Harry Newton, who sold most of his Square. With the departure of their powerful CFO, the world has changed for them. I also sold my shares in Nvidia (oversupply of chips) and the few I owned in Spotify (SPOT). I bought shares in Apple, MasterCard and Adobe. I’m hanging onto Amazon. It’s down 16% from its $2,050 high back in early September. Just above my 15% stop loss level. I’m watching eagle-eyed. Should bounce today I’m out of the few Chinese shares I owned, including BABA. I sold them at the beginning of October. This crash has been painful. I thought I was a genius. Now, hundreds of thousands of dollars poorer, I’m not so sure. I get my new Apple Watch today. I’m playing tennis at 10:00 AM. Yesterday, I lunged for a volley. I got it. It landed just over the net, then bounced back onto my side. My first. No video. No audience. But it was delicious. Good memory.

  • gerryb

    I find it very hard to believe J. Browser is a real person. Do you really believe there is a “trump supporter” who is interested enough in investing to read your blog but wants the market to tank 80%? More likely he is someone with an ideologically motivated deep hatred for anyone right of center

  • mark

    Hey Harry. You need to stop talking to yourself using all these phoney CIA aliases. Feel sorry for the wife and the rest of family. Harvard grad? Goofy f____r. Jake busted your cover and no buddy to talk to…

  • Secret Squirrel

    J. Browser does not speak for what Trump supporters want. J. Browser speaks only for J. Browser.

    • J. Browser

      Most of us Trump supporters want the same thing: a wall; a country for Americans and not illegals who are mostly criminals; an isolationist nation; the crippling of the 1%; and, most of all, the long overdue incarcerations of Hillary Clinton and Diane Feinstein.

  • Omer Acikel

    Hey Harry, you need to learn to filter out “J. Browser”s, I am even not sure if it is a real person (if they inject Trump with other non-sense, watch out!) but if he is, let him be. He seems miserable. I hear more and more (including the silicon-photonics company I work for) that tariffs are by-passed for some products with qualifying exemptions.
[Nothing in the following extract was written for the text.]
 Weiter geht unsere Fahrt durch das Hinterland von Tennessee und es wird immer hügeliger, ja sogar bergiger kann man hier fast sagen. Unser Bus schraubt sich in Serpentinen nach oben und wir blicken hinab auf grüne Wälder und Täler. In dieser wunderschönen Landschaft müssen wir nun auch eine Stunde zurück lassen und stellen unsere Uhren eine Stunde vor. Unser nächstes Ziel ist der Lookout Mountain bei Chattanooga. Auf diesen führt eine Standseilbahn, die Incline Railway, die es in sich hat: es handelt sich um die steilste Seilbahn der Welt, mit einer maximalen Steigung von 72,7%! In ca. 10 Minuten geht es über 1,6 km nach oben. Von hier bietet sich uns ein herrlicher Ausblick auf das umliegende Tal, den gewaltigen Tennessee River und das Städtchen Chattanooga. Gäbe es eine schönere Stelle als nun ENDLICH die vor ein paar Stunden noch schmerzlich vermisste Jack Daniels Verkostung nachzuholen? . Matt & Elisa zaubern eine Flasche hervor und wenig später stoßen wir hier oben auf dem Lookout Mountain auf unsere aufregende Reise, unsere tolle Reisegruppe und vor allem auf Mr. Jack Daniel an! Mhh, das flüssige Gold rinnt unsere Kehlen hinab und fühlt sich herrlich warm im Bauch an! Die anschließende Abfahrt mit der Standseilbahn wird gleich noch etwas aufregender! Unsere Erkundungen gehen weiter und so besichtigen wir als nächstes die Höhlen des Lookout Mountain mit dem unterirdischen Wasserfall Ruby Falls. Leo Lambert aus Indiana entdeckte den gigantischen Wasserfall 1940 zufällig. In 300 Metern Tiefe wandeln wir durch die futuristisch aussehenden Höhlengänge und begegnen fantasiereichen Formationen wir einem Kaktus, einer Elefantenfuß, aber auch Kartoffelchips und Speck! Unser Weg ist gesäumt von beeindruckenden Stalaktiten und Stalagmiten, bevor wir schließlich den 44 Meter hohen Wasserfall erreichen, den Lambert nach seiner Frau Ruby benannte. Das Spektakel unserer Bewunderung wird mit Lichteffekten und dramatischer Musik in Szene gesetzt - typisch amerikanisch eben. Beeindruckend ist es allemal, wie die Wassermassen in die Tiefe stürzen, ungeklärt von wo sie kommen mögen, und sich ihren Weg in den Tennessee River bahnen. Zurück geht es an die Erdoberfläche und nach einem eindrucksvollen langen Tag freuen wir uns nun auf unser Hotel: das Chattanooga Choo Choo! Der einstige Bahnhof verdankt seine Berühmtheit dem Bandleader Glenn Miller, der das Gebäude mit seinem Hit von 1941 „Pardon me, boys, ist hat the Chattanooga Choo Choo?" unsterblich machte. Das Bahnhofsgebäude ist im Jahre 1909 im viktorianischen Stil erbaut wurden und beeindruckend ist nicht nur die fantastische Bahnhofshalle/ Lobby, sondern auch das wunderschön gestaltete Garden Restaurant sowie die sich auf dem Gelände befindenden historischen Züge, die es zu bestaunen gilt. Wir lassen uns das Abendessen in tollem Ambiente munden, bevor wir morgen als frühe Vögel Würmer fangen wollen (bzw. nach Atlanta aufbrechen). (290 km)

One thing I want to tell you about how inconsistent Joel Ross postings are: He talked about US’s competitive fracking technology costing far less to excavate oil to drive conventional producers to lower their prices: when he wrote that the crude oil was about mid $40/barrel. We have seen about mid $70s/barrel since then. So where is the competition from the US? If he believes we have that lever to control prices, wouldn’t this time would be best to utilize it since oil prices drive pretty much everything? BTW, US is getting majority of, to some accounts about 40%, its oil from Canada. You would think Mr. Trump would negotiate that instead of tariffs on dairy which we have a lot of surplus, on dairy alone, already. May be I am missing something. As for his GDP prediction of 4.2% @Q3, I will be happy if we hit mid 3% and probably lower down the road.

  • Tommy

    Hey Browser. Harry is a spook. Give him credit. Hes relentless when it comes to propaganda cause he has no sex life. Bonehead. Ah hahahaha

  • J. Browser

    Harry, I’ve never sent you an email in my life. That was a comment I posted on your blog. You’re proof that liberals lie and they’re dumb. MAGA! President Trump is bringing back the coal industry and will destroy Amazon, Facebook and the other tech companies. In Trump I believe!

  • Jake

    Harry. I see youre still fronting for ur CIA friends. Heres how ur Harvard friend Zuckerberg got exposed for the fraudster he really is. Quote: “Yeah, so if you ever need info about anyone at Harvard, just ask. I have over 4,000 emails, pictures, addresses, SNS (sic). … People just submitted it. I don’t know why. They ‘trust me.’ Dumb f—-s.”
    – Facebook founder Mark Zuckerberg from instant message posts, Business Insider, May 13, 2010

    ONCE A SPOOK ALWAYS A SPOOK! Propaganda Harry. Why do you really recommend fang BS? Another thing, Stop cutting and pasting all these stupid articles.